I started running for reasons I had only just begun to understand. As a child, I ran in the woods and around my house for fun. As a teen, I ran to get my body in better shape. Later, I ran to find peace. I ran, and kept running, because I had learned that once you started something you didn't quit, because in life, much like in an ultramarathon, you have to keep pressing forward. Eventually I ran because I turned into a runner, and my sport brought me physical pleasure and spirited me away from debt and disease, from the niggling worries of everyday existence. I ran because I grew to love other runners. I ran because I loved challenges and because there is no better feeling than arriving at the finish line or completing a difficult training run. And because, as an accomplished runner, I could tell others how rewarding it was to live healthily, to move my body every day, to get through difficulties, to eat with consciousness, that what mattered wasn't how much money you made or where you lived, it was how you lived. I ran because overcoming the difficulties of an ultramarathon reminded me that I could overcome the difficulties of life, that overcoming difficulties was life.
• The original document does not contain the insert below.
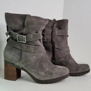 Wrap yourself in moto-inspired style with the Malvet Doris boot! The Malvet Doris is part of the Clarks® Artisan collection. Premium suede uppers. Strap and buckle detail. Side zipper for easy access. Soft textile linings. Comfortable Cushion Plus™ with OrthoLite® footbed. Stacked block heel. Lugged rubber outsole. Imported.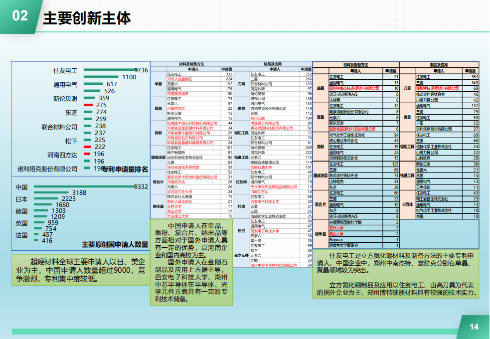 国家层面,中、日、美是主要技术创新主体,住友电工、三菱、通用电气等国外企业在高端制品及应用领域专利布局全面;国内企业以河南、江苏、广东三省为主,河南在单晶、微粉领域优势显著,江苏、广东则在半导体、光学元件等新兴领域快速发力。重庆市在超硬材料领域专利申请量和申请人数量处于全国中下游,需进一步加强产业布局。

Could I quit and not be a quitter?
"You've done it before," Rick said. "You can do it again."
I appreciated the optimism. I also appreciated its idiocy.
At another time, on another summer night, in another race, I might have gazed in wonder at the stars glittering against the velvety black night. I might have swiveled my head to peer at the snowy Sierra Nevada peaks looming like grouchy sentries on the edge of the endless desert and seen, not scowling defeat, but majesty. I would have moved toward the mountains' dark, disapproving bulk until it had transformed to welcome.
"My stomach," I moaned. "My stomach." A couple of my crew members suggested I should crawl into the coffin-sized, ice-filled cooler they had lugged up the road to get my core temperature down, but I had tried that already. Rick told me to put my feet in the air- that might help me feel better. He told me I should do it on the side away from the road so the other crews wouldn't be able to see me, because their reports would only embolden their runners. Didn't he realize that the other runners didn't need emboldening? The guy with the reputation wasn't going anywhere.
Not moving was actually pleasant. It wasn't nearly as shameful as I had imagined. It allowed me to ponder my hubris.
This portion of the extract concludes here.